In cases such as this, the principle of double jeopardy by which the American Constitution provides that “No person… shall be… subject for the same offence to be twice put in jeopardy…” does not apply: A drug dealer goes to jail for dealing in drugs in the first instance, and then pays tax on his haul, or earns more jail years if he defaults.

This American practice encourages one to suggest that the Nigerian government should consider exacting tax on proceeds of official corruption, kidnapping, fraud, and trade in narcotics, in addition to making the offender do time at the pleasure of the Comptroller-General of the Nigerian Prisons Service.

Somebody has observed that whereas South Africa, with annual Gross Domestic Product of $380 billion, realises about $75 billion, or about 20 per cent, tax, Nigeria, Africa’s biggest economy, with a whittled down GDP of $416 billion, realises a paltry $4 billion, or less than one per cent of GDP.

The Federal Inland Revenue Service revealed that out of a population of 70 million taxable adults in Nigeria, only 14 million pay tax. Government must pay closer attention to corporate organisations that deduct Pay As You Earn Income Tax from the wages of their employees, but fail to remit the same to the appropriate tax authorities.

No one should have a place to hide as no one is exempted from payment of tax in Nigeria anymore: The Personal Income Tax (Amendment) Act signed by former President Goodluck Jonathan requires even the President and governors, hitherto exempted, to pay taxes from their remuneration while in office.

You have got to give it to Tunde Fowler, Chairman of the Federal Inland Revenue Service, who has come up with this novel, taxpayer-friendly VAIDS idea of tax collection. But it shouldn’t have come as a surprise considering his stellar performance in being able to increase the Internally Generated Revenue of Lagos State.

Two things: First, the tax rate, especially of Personal Income Tax and Value Added Tax need not be increased.

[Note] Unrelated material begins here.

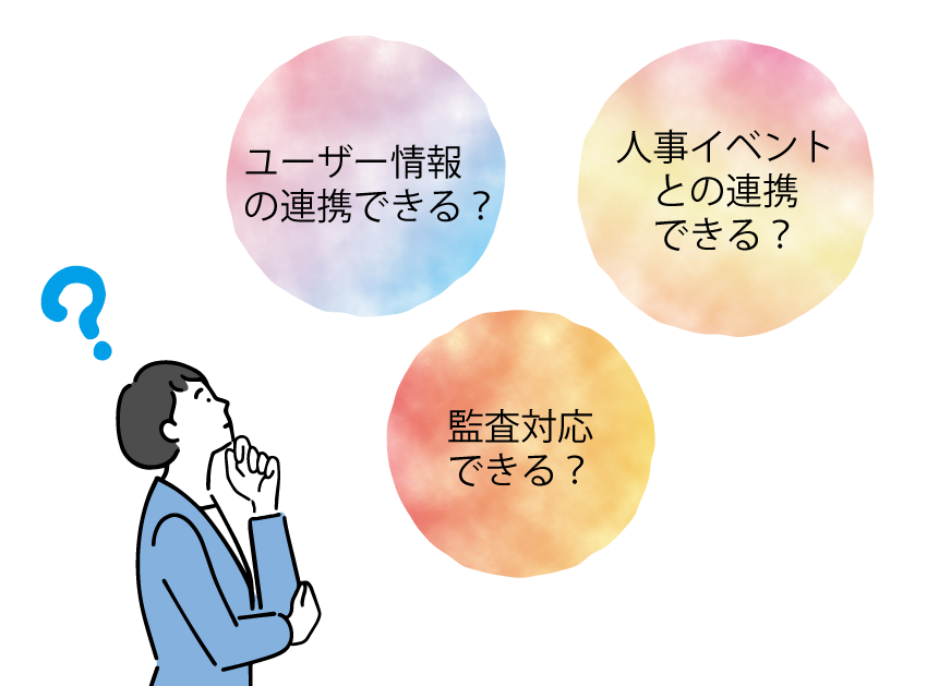 社内で利用しているクラウドサービスやオンプレシステムへのプロビジョニングなど、ID管理システムが連携できるか確認しましょう。

In the face of a slumbering economy, increasing the number of taxpayers should just be enough.

Second, the Federal Government must not only adopt the Lagos State template to raise tax revenue, it must also imbibe the Lagos State spirit of adopting macroeconomic policies that enable Corporate Nigeria and individual taxpayers to prosper and therefore pay their taxes willingly.

Before becoming Vice President, Prof Yemi Osinbajo once said that the way that citizens could hold their government accountable was to diligently pay their taxes.